Imagem nº 2 - A Festa em honra do Nosso Senhor dos Aflitos e de Nossa Senhora da Boa Viagem em 1907. Destaque para a presença de vários palheiros "estacionados" na Praia de Esmoriz.
Galeria de Imagens - "Esmoriz Antigo" (Joaquim Fernando Reis)




Imagem nº 3 - Dois palheiros de formato distinto, lado a lado, em 1908.
Galeria de Imagens - "Esmoriz Antigo" (Joaquim Fernando Reis)





Imagem nº 4 - Linha de palheiros cuja construção foi ordenada pelas autoridades marítimas em 1942.
Galeria de Imagens - "Esmoriz Antigo" (Joaquim Fernando Reis)

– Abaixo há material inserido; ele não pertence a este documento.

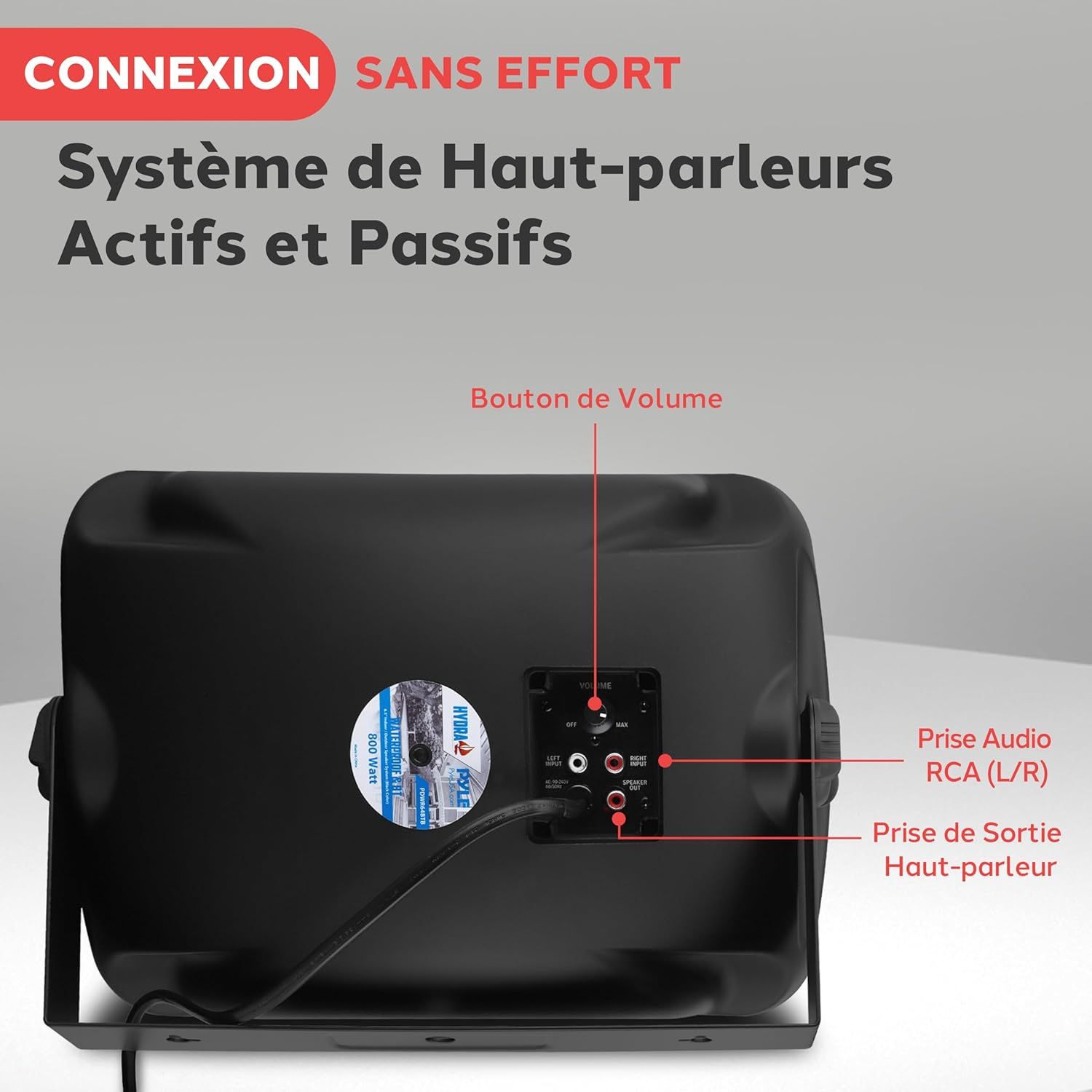 5,25 Pouces,600 Watts Bluetooth Enceintes D'Extérieur Avec Amplificateur Stéréo Câblé Pour Toutes Les L'Intérieur Et L'Extérieur Terrasse(4 Haut-Parleurs Noirs)
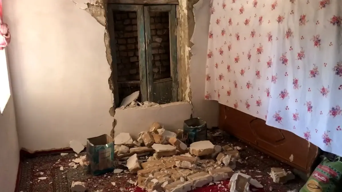 فیلم سقوط سنگ بزرگ روی یک خانه در زلزله قوچان
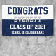 Hang this Navy & White Minimalist Graduation Party Banner to honour your graduate. Personalise with your grad's name, school, and class year. This bold school colours banner features a classic font and plenty of school spirit.

Declínio e Realidade Actual


Em 1793, surge a primeira construção moderna, de pedra e cal, que viria a pertencer à família de Romão José da Silva Varela Souto Mayor, oriunda de São João de Ver. Em 1907, surge uma segunda construção daquela natureza. E de facto, o século XX irá testemunhar gradualmente uma avalanche de edifícios modernos que irão extinguir gradualmente a hegemonia dos palheiros na Praia de Esmoriz. Chegaremos ao ponto de ter prédios e grandes construções que, do ponto de vista histórico, nunca fizeram sentido. A zona à beira-mar sofreu uma revolução, sem obedecer a qualquer padrão organizativo, que comprometeu a identidade até então vigente.
O fim dos palheiros não se deveu somente à expansão do urbanismo e dos arquétipos recentes da arquitectura, mas também encontra eco na ameaça do avanço marítimo que tratou de reduzir o nosso areal ao longo dos tempos. Aliás, os palheiros sempre foram construções frágeis e pouco resistentes às ameaças de pendor natural.
Se há cerca de um século atrás, existiriam cerca de 50 palheiros (ou até mais) na nossa praia, hoje sobrarão apenas seis ou sete, e metade desses, encontram-se seriamente degradados, pelo que esta herança única do passado poderá estar hoje em vias de desaparecimento, se ninguém reagir a tempo.
Se em Aveiro, os palheiros conseguem captar alguma dimensão turística junto à ria, o mesmo não podemos aferir em relação a Esmoriz. Seria altura de repensar a estratégia, e nada melhor que recuperar a afirmação célebre do escritor espanhol Miguel Unamunu que citamos em cima. Da mesma forma que os nossos pescadores arriscaram as suas vidas no mar para "matar" a fome aos seus familiares, também é altura de salvaguardarmos este património, digno de ser contemplado pela sua fachada exterior singular. Até porque o povo de Esmoriz, virtus in labore, o merece, mais do que ninguém, visto que batalhou contra todas as adversidades que se lhe depararam! Os palheiros são testemunhos dessa luta, muitas vezes, desigual e inglória, perante um mar que tudo poderia oferecer, mas que também exigiria, em dias mais revoltos, o sacrifício de mártires inocentes que apenas procuravam garantir humildemente o seu sustento!





Imagem nº 5 - Dois palheiros, minimamente bem conservados, localizados junto à actual Capela da Praia em Esmoriz.
Foto da autoria de Carlos Alexandre





Imagem nº 6 - Postal que exibe dois palheiros na praia de Esmoriz.